5. Request for transfer of instruments - Post completion of reporting as above, the FPI shall approach its Custodian with a request for transferring the equity instruments of the Indian company from its demat account maintained for holding foreign portfolio investments to its demat account maintained for holding FDI. Once the custodian verifies that all reporting requirements for reclassification are fully met, they will unfreeze the equity instruments and proceed with the transfer.
The date of investment causing a breach in such cases shall be considered as the date of reclassification. Thereafter, the entire investment of the FPI in the Indian company shall be considered as FDI and shall continue to be treated as FDI even if the investment falls to a level below ten percent subsequently. The Foreign Portfolio investor along with its investor group shall be treated as a single person for the purpose of reclassification of foreign portfolio investment.

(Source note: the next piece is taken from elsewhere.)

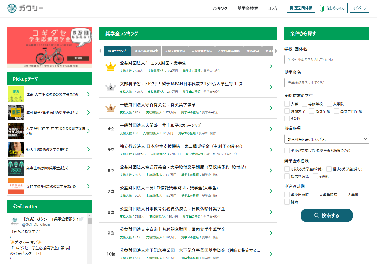 当社の『ガクシー』は、約15,000件の奨学金情報を掲載する国内最大級の奨学金サイトです。高校・大学・大学院・短大・専門・高専学生向け等ほぼすべての奨学金を網羅しており、もらえる・借りる・授業料免除等の奨学金タイプや、申込時期別等、あらゆる奨学金情報を提供しています。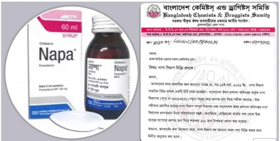 এর আগে গত শনিবার (১২ মার্চ) ব্রাহ্মণবাড়িয়া জেলা কেমিস্ট অ্যান্ড ড্রাগিস্ট সমিতি জেলায় নাপা সিরাপ বিক্রি বন্ধ রাখতে নির্দেশনা প্রদান করে।

The RBI’s framework for reclassifying FPIs to FDIs allows FPI who breach the 10% investment threshold to align their holdings with FDI regulations, provided they meet certain conditions. This move is designed to encourage stable, long-term capital flows into India, while also providing investors with the flexibility to maintain or increase their stakes in Indian companies under the FDI regime. It reflects India’s ongoing efforts to integrate global investment into its economy, fostering growth while managing risks and ensuring regulatory compliance.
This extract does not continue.